A single polluter may harm thousands of people and keep getting away with it as long as no one person is harmed enough to do something about it. Everybody would like to see the polluter punished, but since organizing community opposition to the polluter takes time and money, each affected person simply waits for someone else to take the initiative, and nothing gets done. Community activism is thus an undersupplied public good.
There are several more general categories of market failure:
Imperfect markets involve monopoly distortions that generate shortages and higher prices for monopolized products, a well as underemployment in the input markets the monopolist buys from. In contrast to a price-taking competitive firm, a monopolist faces a downward-sloping demand schedule, and reduces output below the competitive market level to search for the price that maximizes his profits. This implies that the monopolist's MR schedule is distinct from his market demand schedule, so that equating MR and MC maximizes monopoly profits. The monopolist produces and sells less, employs fewer resources, and charges more than a competitive market. The costs of these economic distortions are termed deadweight loss.
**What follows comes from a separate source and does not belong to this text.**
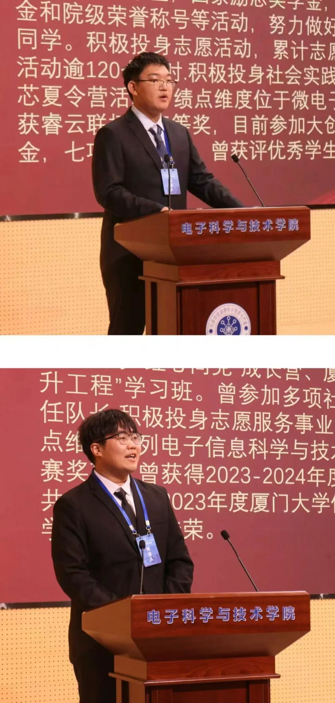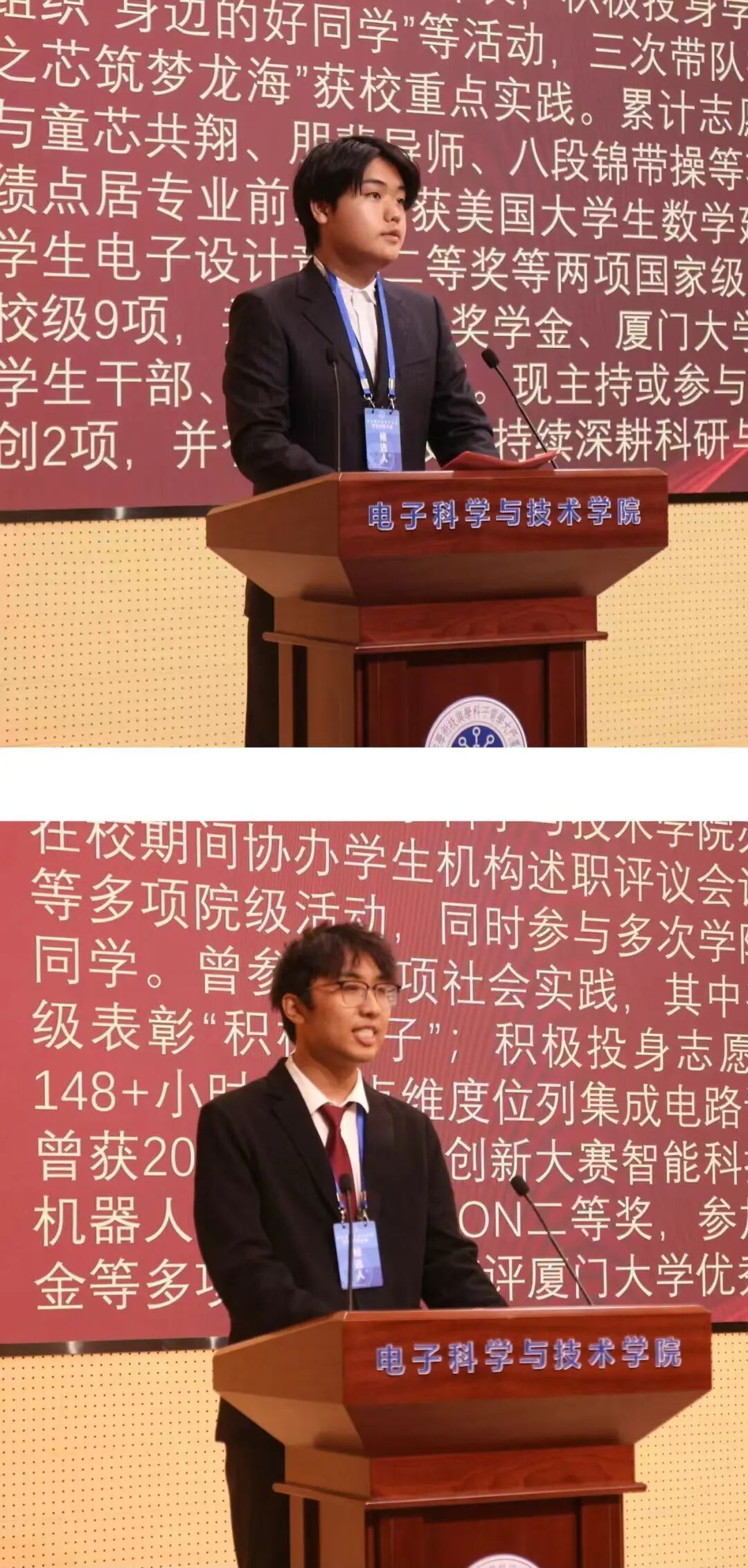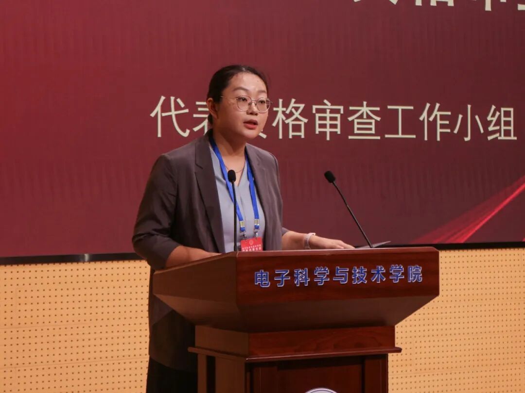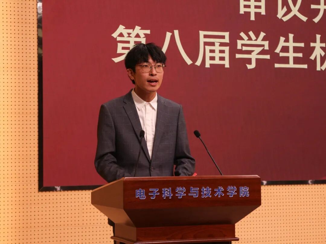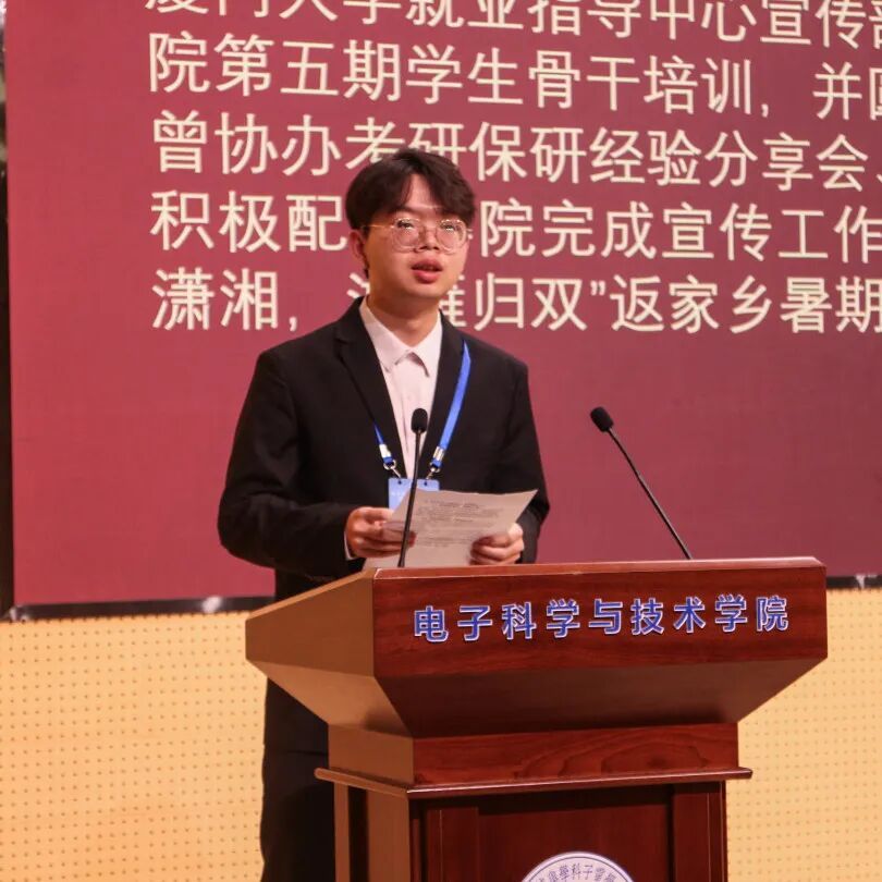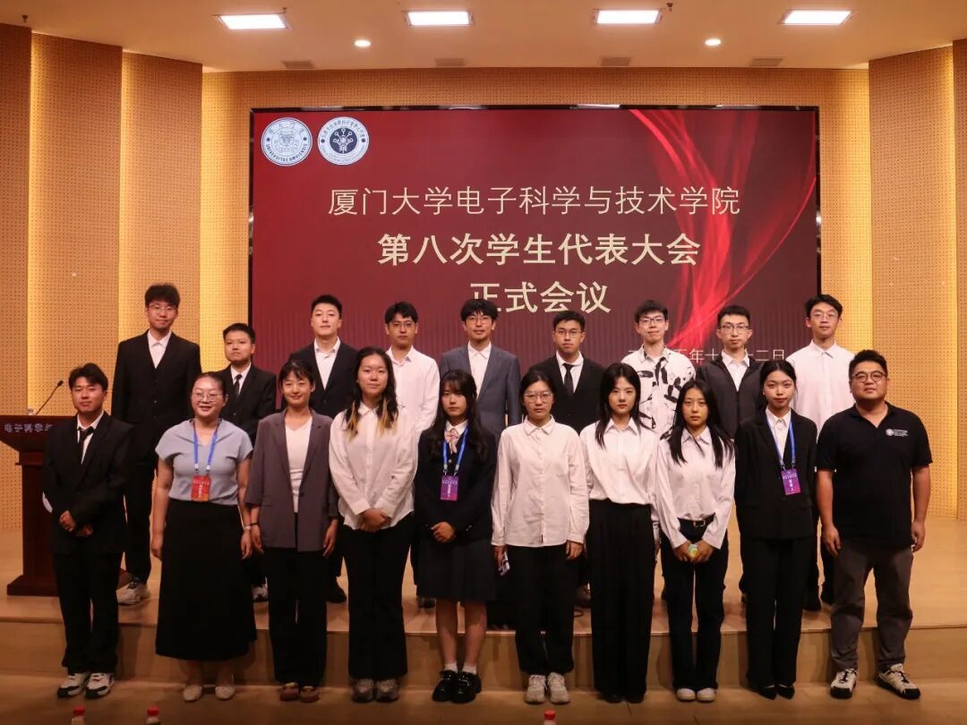 10月12日,电子科学与技术学院本科生第八次学生代表大会在南存钿楼报告厅召开。学院党委副书记林蕊、团委书记胡凡、辅导员林燕红、辅导员闵舒媛、校学生会主席团代表钟佳伶、公共卫生学院主席团代表王雅茹、能源学院主席团代表逄智超、环境与生态学院主席团代表于雨彤、海洋与地球学院主席团代表张耀增以及学院本科生学生代表参加大会。

Diverging social and private rates of discount may reflect risk premiums which are higher for individuals than for society as a whole. Firms exploit open-access resources as if their discount rates were infinite. The behavior of individuals and firms whose long-term survival is in doubt can reflect very high discount rates
Government failure involves regulatory distortions of market
incentives. There is a whole branch of economics that analyzes the behaviors
of special interests in the political process. Many firms not only
compete in the market, but in the political arena as well, making large
contributions to politicians to obtain protectionist legislation, tax loopholes,
monopolistic advantages, etc.. Most of the public remains "rationally ignorant"
of this rent-seeking behavior: since the public costs of special
interest provisions are spread across so many taxpayers, it's not personally
worthwhile for any individual citizens to oppose them. In effect, citizen
action to counter special interests is an undersupplied public good.